For Hive on MR3, running on Amazon EKS is similar to running on Kubernetes, but has the following restrictions:

  • The user should create a PersistentVolumeClaim using Amazon EFS (Elastic File System), not EBS (Elastic Block Store), because containers need to share files across multiple Availability Zones. Alternatively the user may use S3 without creating a PersistentVolumeClaim.
  • We assume that the data source is on S3 (Simple Storage Service).
  • For local disks for writing intermediate data in ContainerWorkers, the user should be able to either create EC2 instances with instance stores (i.e., local disks physically attached to host machines) or mount EBS volumes to EC2 instances.
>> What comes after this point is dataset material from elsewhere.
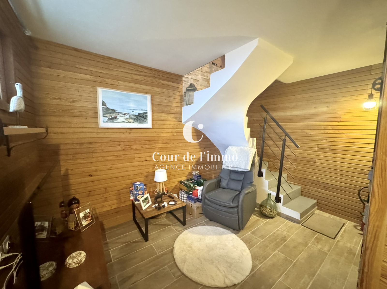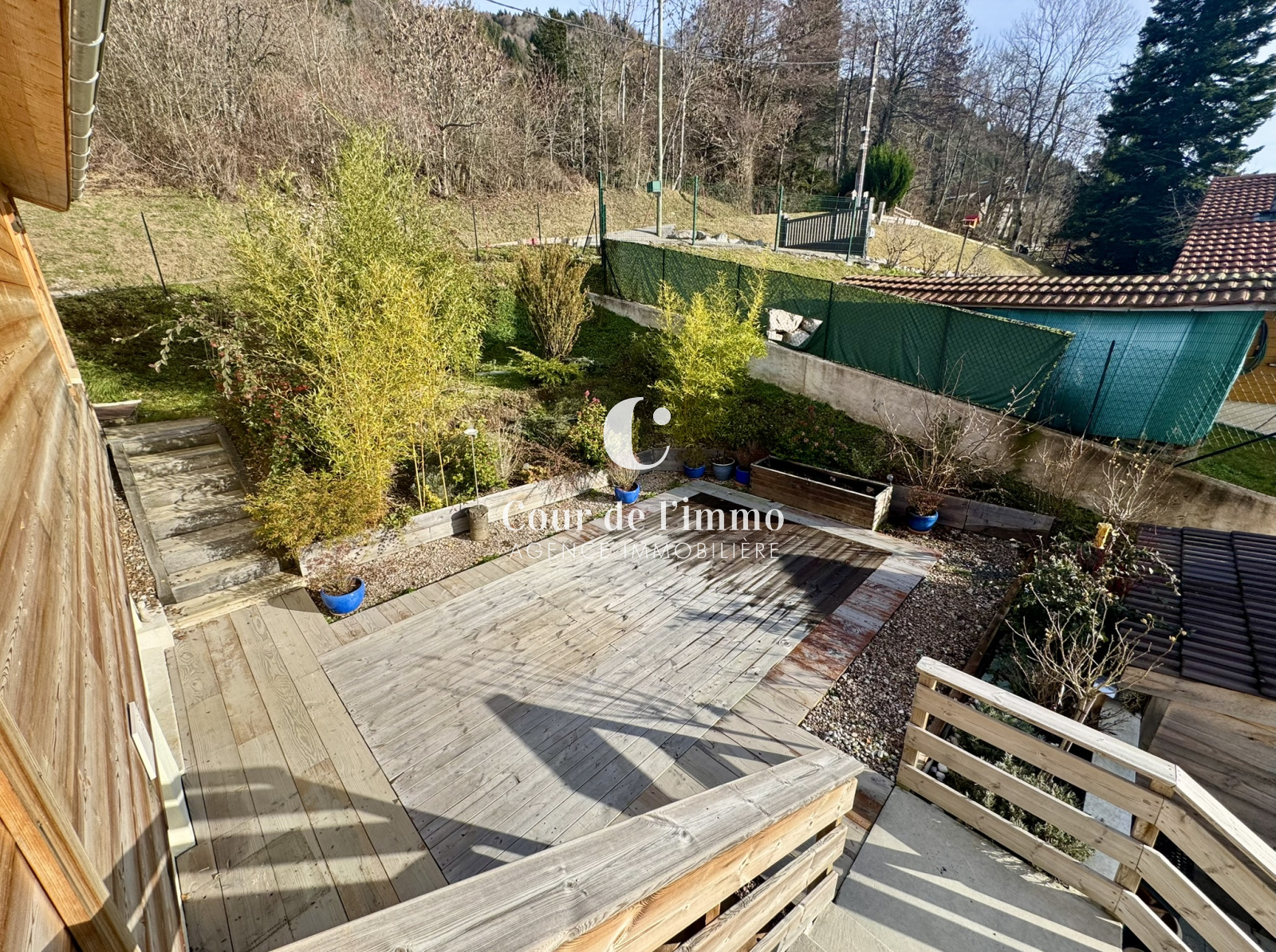 Situé sur les hauteurs de la commune de LUCINGES, venez découvrir cette maison individuelle type chalet entièrement rénovée en 2021 (extérieur / intérieur). Comprenant à l'étage principal : Une entrée, un bureau, une belle pièce à vivre avec poêle à bois, accès balcon et terrasse et une vue magnifique, une chambre et une salle d'eau avec WC. A l'étage : Une belle chambre. Au rez de inférieur : Une entrée, un petit salon, une grande chambre avec une salle de bain (baignoire et douche) et un WC, un espace cellier / buanderie.

The user may choose to use the root partition for a local disk, but it runs the risk of running out of disk space in the middle of running a query.

We assume that the administrator user provides the following external components:

  • MySQL database for Metastore
  • MySQL database for Ranger (which can be the same MySQL database for Metastore)
  • KDC (Key Distribution Center) for managing Kerberos tickets

As we do not use HDFS, we do not require KMS (Key Management Server) for managing impersonation and delegation tokens. The cluster on Amazon EKS is depicted in the following diagram:

hive.eks.overview

This section gives details on how to create a cluster on Amazon EKS. We assume that the user has already created a Docker image by following the instruction in Installing on Kubernetes. Or the user can use a pre-built Docker image available at DockerHub, in which case it suffices to download an MR3 release containing the executable scripts.

$ git clone https://github.com/mr3project/mr3-run-k8s.git

Before proceeding, restore those files created for Amazon EKS.

$ cd mr3-run-k8s/kubernetes/
$ cp -f env.sh.eks env.sh
$ mv -f conf/core-site.xml.eks conf/core-site.xml
$ mv -f conf/mr3-site.xml.eks conf/mr3-site.xml
$ mv -f conf/hive-site.xml.eks conf/hive-site.xml
$ mv -f yaml/metastore.yaml.eks yaml/metastore.yaml
$ mv -f yaml/hive.yaml.eks yaml/hive.yaml
$ mv -f yaml/ranger.yaml.eks yaml/ranger.yaml
$ mv -f yaml/ats.yaml.eks yaml/ats.yaml